── Exercise material

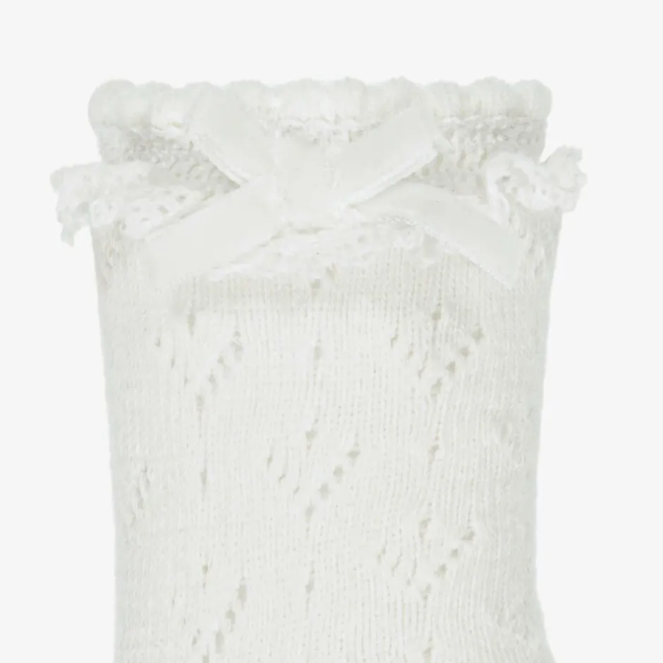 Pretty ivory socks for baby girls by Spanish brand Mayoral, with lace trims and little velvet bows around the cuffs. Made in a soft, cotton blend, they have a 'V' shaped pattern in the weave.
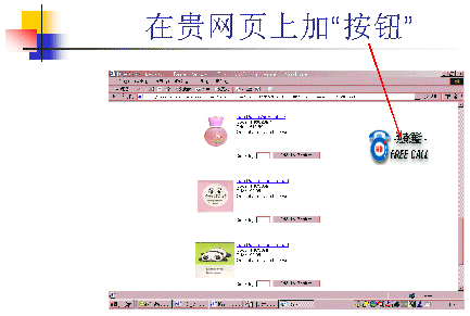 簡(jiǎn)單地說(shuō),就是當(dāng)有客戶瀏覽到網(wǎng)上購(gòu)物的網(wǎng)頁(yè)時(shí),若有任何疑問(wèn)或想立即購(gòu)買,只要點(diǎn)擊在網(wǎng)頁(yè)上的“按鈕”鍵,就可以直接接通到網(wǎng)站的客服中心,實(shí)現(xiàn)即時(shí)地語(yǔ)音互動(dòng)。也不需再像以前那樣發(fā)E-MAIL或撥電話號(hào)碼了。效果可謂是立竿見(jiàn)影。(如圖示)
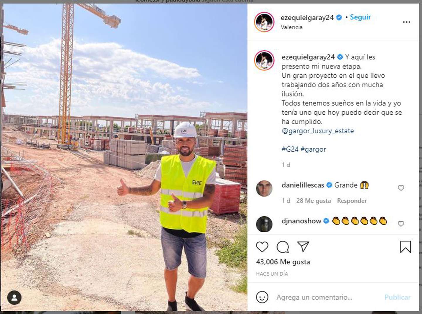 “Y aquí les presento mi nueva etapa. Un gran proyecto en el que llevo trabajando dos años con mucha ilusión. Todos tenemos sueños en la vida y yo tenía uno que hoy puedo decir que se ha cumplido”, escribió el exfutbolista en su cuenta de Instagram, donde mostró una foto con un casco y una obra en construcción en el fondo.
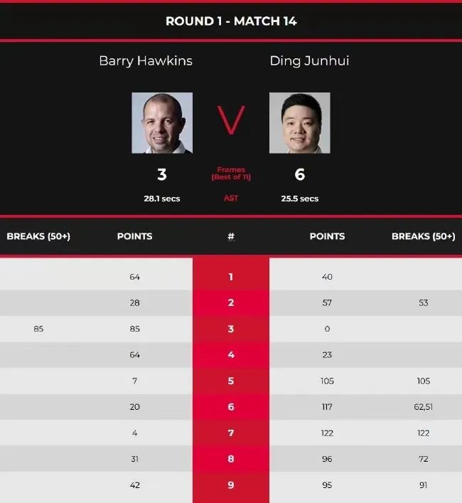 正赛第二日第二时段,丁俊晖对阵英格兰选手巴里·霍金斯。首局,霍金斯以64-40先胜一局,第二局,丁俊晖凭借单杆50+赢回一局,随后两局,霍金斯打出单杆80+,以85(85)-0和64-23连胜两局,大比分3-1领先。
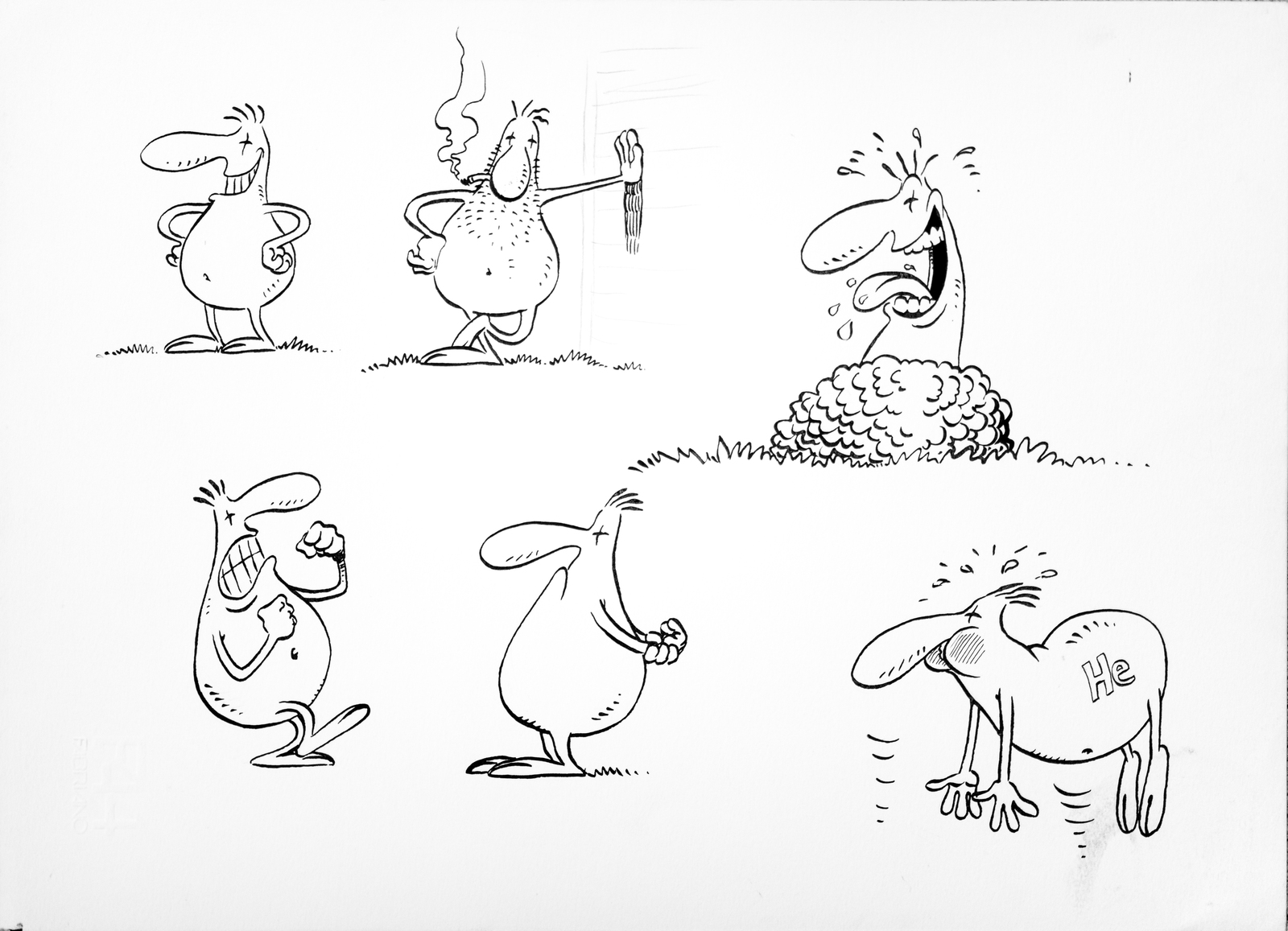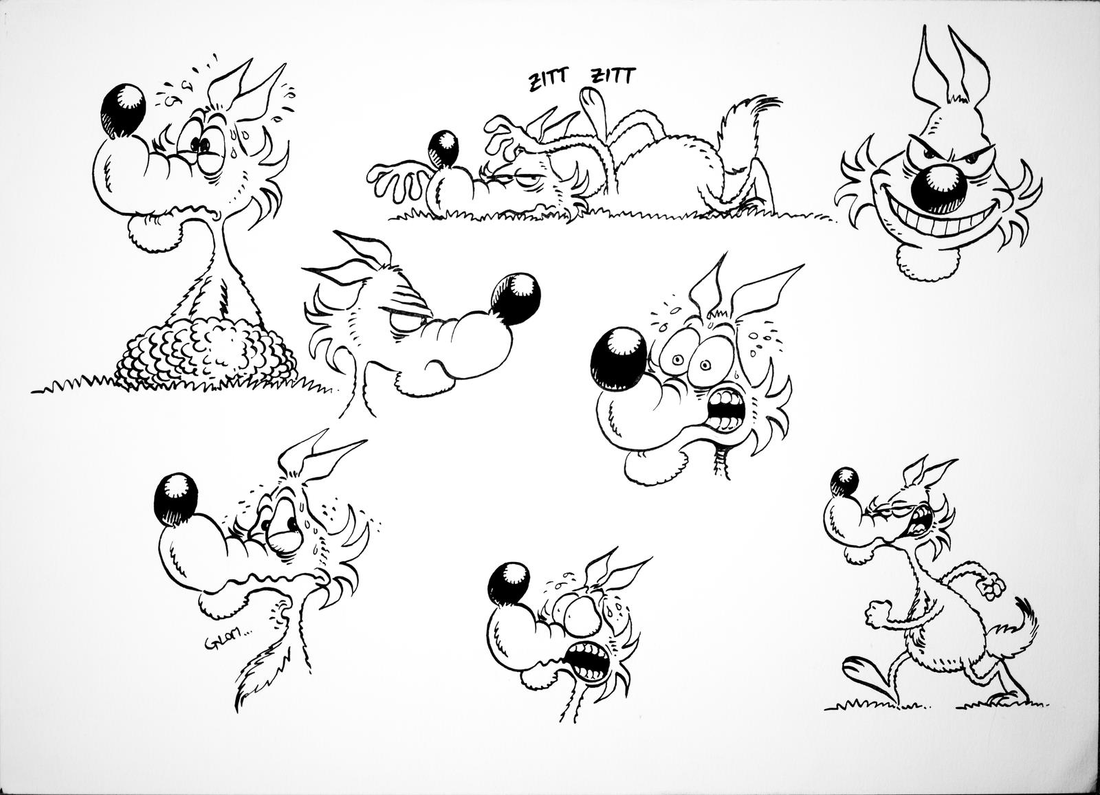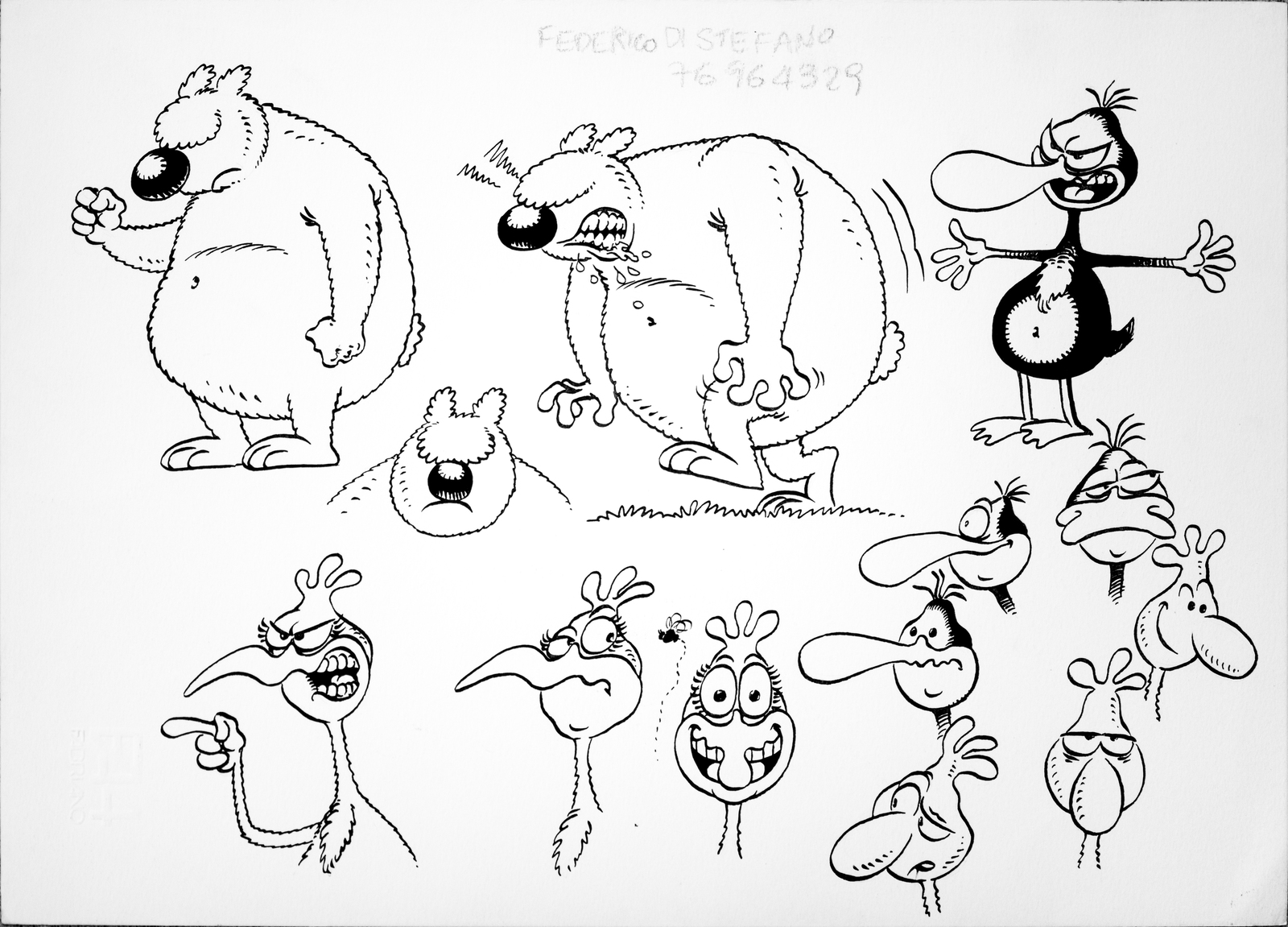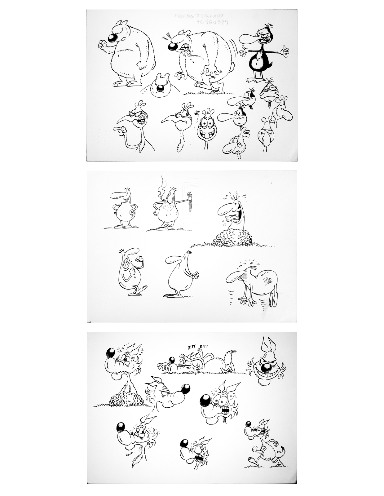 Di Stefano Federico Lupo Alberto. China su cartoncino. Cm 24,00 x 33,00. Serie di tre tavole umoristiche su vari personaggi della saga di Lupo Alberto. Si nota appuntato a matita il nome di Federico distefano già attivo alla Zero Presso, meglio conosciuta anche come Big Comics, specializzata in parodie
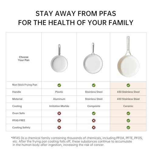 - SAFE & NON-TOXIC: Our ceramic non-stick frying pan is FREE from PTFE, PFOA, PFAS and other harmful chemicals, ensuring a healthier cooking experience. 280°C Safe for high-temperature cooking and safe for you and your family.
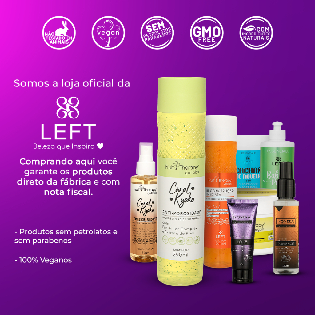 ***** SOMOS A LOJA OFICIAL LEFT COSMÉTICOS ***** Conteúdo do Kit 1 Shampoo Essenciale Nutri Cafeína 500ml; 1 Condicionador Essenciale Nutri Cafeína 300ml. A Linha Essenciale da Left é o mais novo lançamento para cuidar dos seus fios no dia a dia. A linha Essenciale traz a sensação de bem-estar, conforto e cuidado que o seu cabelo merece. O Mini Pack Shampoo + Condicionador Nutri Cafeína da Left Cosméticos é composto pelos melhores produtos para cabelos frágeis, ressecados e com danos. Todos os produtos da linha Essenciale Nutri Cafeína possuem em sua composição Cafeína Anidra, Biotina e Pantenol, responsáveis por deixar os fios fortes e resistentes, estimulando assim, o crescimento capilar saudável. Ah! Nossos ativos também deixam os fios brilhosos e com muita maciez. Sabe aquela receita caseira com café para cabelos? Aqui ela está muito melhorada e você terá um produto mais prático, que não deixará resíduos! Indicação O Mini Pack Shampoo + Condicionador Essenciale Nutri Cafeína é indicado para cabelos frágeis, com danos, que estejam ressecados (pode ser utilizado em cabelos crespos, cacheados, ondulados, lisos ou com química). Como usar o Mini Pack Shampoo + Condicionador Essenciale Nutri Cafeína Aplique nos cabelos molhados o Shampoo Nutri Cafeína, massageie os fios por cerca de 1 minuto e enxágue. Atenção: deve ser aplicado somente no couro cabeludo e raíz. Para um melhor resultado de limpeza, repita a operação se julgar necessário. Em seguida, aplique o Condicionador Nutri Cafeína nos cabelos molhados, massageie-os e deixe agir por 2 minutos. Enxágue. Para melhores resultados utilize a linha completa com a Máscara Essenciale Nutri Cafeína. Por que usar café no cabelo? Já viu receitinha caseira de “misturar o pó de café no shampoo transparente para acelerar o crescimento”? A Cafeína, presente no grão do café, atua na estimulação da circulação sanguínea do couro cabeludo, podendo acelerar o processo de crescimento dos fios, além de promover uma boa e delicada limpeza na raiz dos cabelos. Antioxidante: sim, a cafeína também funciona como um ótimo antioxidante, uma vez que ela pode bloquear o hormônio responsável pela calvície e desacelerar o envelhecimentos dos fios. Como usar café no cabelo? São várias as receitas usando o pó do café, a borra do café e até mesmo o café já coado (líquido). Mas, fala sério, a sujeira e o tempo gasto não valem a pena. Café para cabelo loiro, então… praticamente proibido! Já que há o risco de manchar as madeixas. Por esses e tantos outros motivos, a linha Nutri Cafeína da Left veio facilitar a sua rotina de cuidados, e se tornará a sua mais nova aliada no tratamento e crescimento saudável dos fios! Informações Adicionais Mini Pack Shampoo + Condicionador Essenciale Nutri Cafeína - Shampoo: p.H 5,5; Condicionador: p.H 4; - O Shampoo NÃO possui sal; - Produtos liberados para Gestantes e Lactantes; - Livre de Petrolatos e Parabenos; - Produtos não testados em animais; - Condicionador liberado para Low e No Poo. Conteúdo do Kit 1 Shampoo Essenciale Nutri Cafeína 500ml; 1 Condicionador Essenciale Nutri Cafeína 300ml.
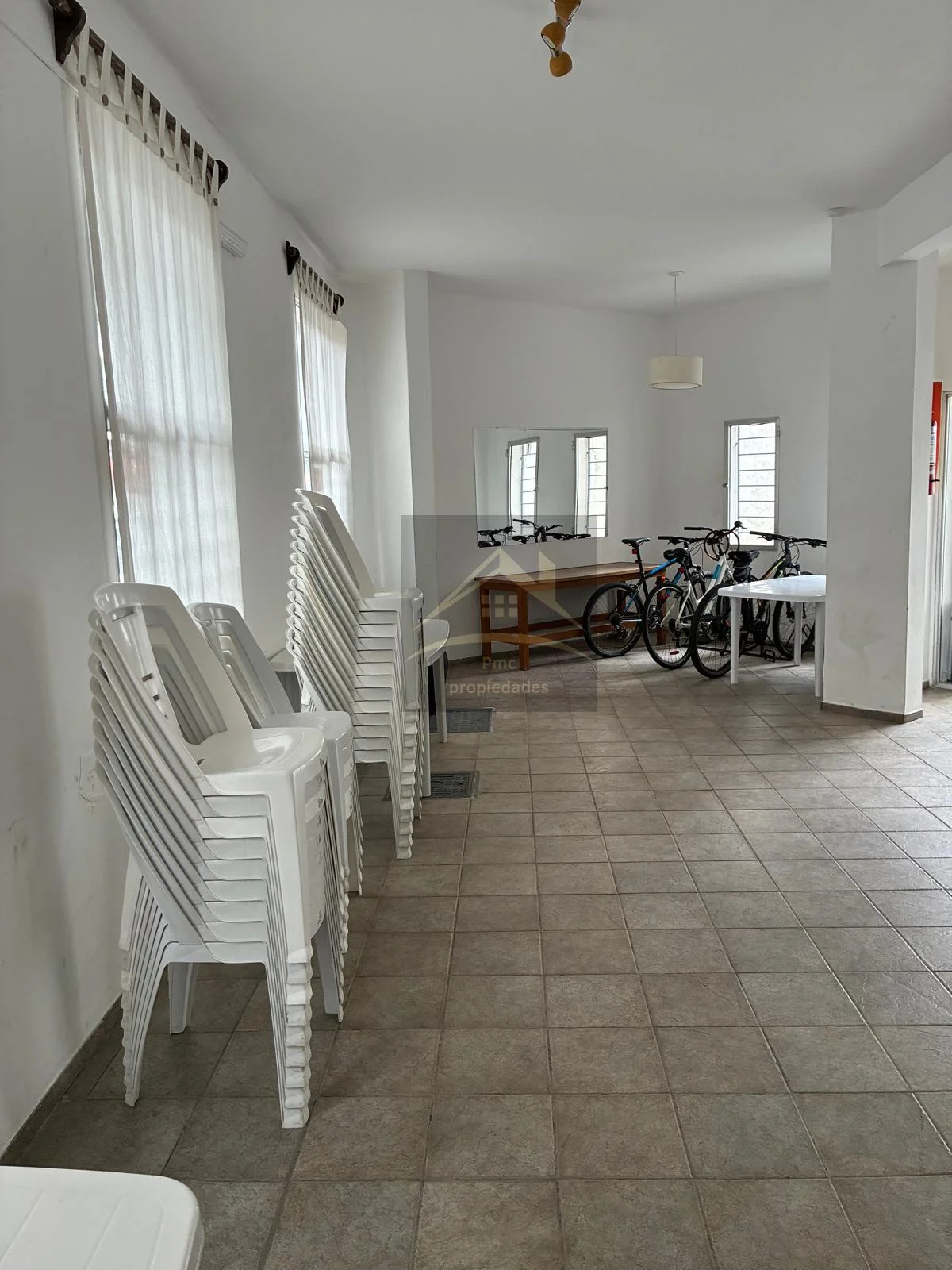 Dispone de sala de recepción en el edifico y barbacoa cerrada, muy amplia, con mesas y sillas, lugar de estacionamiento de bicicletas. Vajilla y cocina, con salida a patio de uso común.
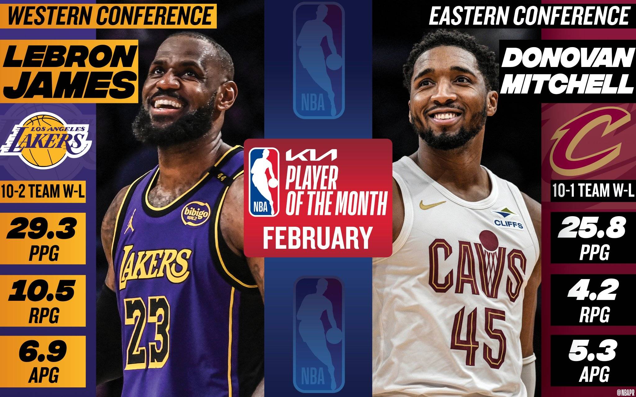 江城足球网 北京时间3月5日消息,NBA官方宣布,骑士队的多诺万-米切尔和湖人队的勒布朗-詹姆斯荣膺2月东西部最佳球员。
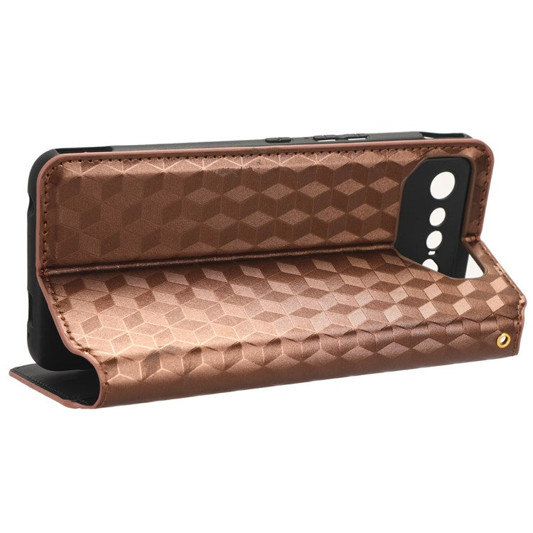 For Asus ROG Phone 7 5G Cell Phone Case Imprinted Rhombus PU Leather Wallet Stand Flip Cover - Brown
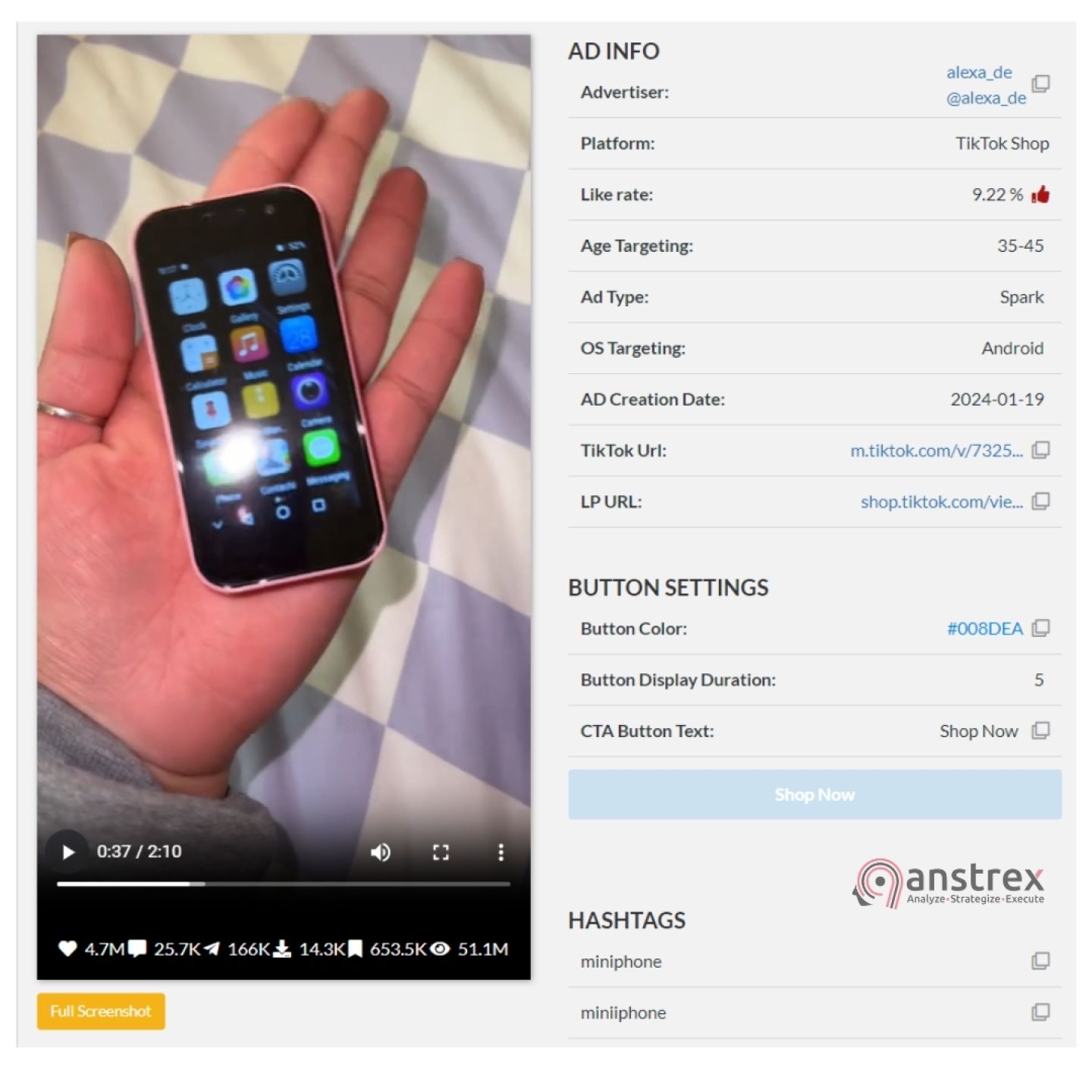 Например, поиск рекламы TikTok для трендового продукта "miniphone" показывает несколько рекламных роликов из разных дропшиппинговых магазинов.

────

Task directions: Return exactly the lines from the one with "Dispone de sala" through the last line of the entries above, both ends included. No pictures may appear in the copy.

Exercise result:
 Dispone de sala de recepción en el edifico y barbacoa cerrada, muy amplia, con mesas y sillas, lugar de estacionamiento de bicicletas. Vajilla y cocina, con salida a patio de uso común.
 江城足球网 北京时间3月5日消息,NBA官方宣布,骑士队的多诺万-米切尔和湖人队的勒布朗-詹姆斯荣膺2月东西部最佳球员。
 For Asus ROG Phone 7 5G Cell Phone Case Imprinted Rhombus PU Leather Wallet Stand Flip Cover - Brown
 Например, поиск рекламы TikTok для трендового продукта "miniphone" показывает несколько рекламных роликов из разных дропшиппинговых магазинов.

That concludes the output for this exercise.